During the Nicaraguan civil war some sectors of American public opinion were of the belief that to criticize the Sandinistas in any form was equivalent to, as someone told me then, "play into the hand of Reagan." In the meantime, the misguided policies of the Sandinistas led to forced relocations of peasants and Mezquito Indians which in turn backfired into filling the ranks of the Contras.

Those same sectors, which were more anti-Reagan than pro-Nicaraguan people, believed that the Sandinistas represented the will of the people, politically or ignorantly overlooking the various factions within the Sandinistas themselves which included Maoists, Trotskyites, etc. After a fact-finding mission to Nicaragua I wrote a letter to the White House saying that the US and the UN should call the bluff of the Sandinistas to internationally supervised elections. When elections took place the Sandinistas were overthrown by a landslide, and eventual investigations demonstrated how the top leadership had appropriated for personal use the the estates of the former oligarchs.

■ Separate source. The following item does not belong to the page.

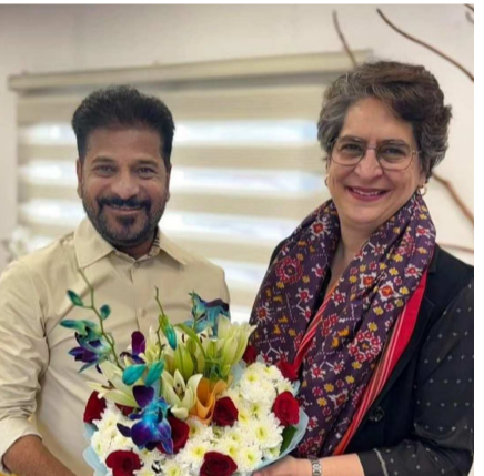
గా ఉన్నారా కాబట్టే.. కాంగ్రెస్ పార్టీకి ఘన విజయం కట్టబెట్టారని ప్రియాంక గాంధీకి తెలియజేశారు సీఎం రేవంత్.

స్వాడిల్లి, నవతరం ఏఐసీసీ జాతీయ ప్రధాన కార్యదర్శి, ఎంపీ ప్రియాంక గాంధీతో సీఎం రేవంత్ రెడ్డి భేటీ అయ్యారు. ఢిల్లీలో శుక్రవారం సాయంత్రం జరిగిన ఈ భేటీలో తెలంగాణ మున్సిపల్ ఎన్నికల ఫలితాలపై చర్చ జరిగినట్లు సమాచారం. మున్సిపల్ ఎన్నికల్లో కాంగ్రెస్ పార్టీ ఘన విజయం సాధించడంపై ప్రియాంక గాంధీ హార్షం వ్యక్తం చేసినట్లు సమాచారం. సీఎం రేవంత్ ను ప్రియాంక ప్రత్యేకంగా అభినందించినట్లు సమాచారం. రాష్ట్ర ప్రభుత్వం అమలు చేస్తున్న సంక్షేమ, అభివృద్ధి కార్యక్రమాలతో ప్రజలు సంతృప్తి

Those same sectors who are anti-war today, were demanding military intervention in Nicaragua for the removal of Somoza, and would demand the use of military force today if a right wing dictatorship in Central America was committing the same atrocities that Saddam committed in Iraq, or that fundamentalist Islam wants to impose from Iran.

Is the anti-war movement more anti-Bush than pro-Iraqi people and its democratically manifested will? Is it just more anti-war than pro-peace? Those same sectors which declared and demanded neutrality and opposed all aid to England during the early days of WWII, became belligerent and pro-war once it received directives from the Comintern after Hitler broke pact with Stalin.

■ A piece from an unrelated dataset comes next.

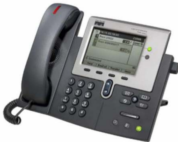
Figure 1. Le téléphone IP Cisco Unified 7941G-GE

Capable de fournir une bande passante illimitée à vos applications de bureau, le téléphone IP Cisco® Unified 7941G-GE est équipé des plus récentes technologies et des derniers progrès de la téléphonie VoIP Gigabit Ethernet. Avec son port Gigabit Ethernet pour l'intégration avec un PC ou un serveur de bureau (Figure 1), il permet à vos utilisateurs d'accéder rapidement aux données et aux applications du réseau. Disposant de fonctions identiques à celles du Cisco 7941G, ce téléphone IP Gigabit Ethernet amélioré pour l'entreprise présente deux boutons rétroéclairés programmables pour des lignes ou des fonctions et quatre touches interactives programmables qui guident l'utilisateur à travers les diverses caractéristiques et fonctions de l'appel. Il offre aussi des réglages audio pour les hauts parleurs duplex de haute qualité, le combiné et le casque. Son grand écran LCD de grande résolution à échelle de gris permet d'accéder facilement aux informations de communication, aux applications optimisées et aux diverses fonctionnalités de l'appareil (Figure 2). Il donne également aux utilisateurs et aux développeurs la possibilité d'installer à l'écran davantage d'applications innovantes et productives en langage XML (Extensible Markup Language) et peut afficher à l'écran des langues à « double octet ».

The call at this very moment may not be a call to the use of force necessarily, and diplomacy needs to run its full course. But those who think diplomacy is a magic wand need to start considering that the world is not a Woodstock festival. The other side of diplomacy is "the extension of politics by other means." What is the moral imperative today? Is it based on a choice between numbers, between how many will die now and how many will have to die later? At the moment we risk confusing diplomacy with appeasement and giving those who threaten world peace a chance to arm that otherwise would be minimized by preemptive action.

These are some of the questions and some of the social and political nuances that need to be honestly pondered today and that seem to frame the debate of whether or not the democratic forces of the Middle East deserve support, and about what to do with the loud threats coming from Iran.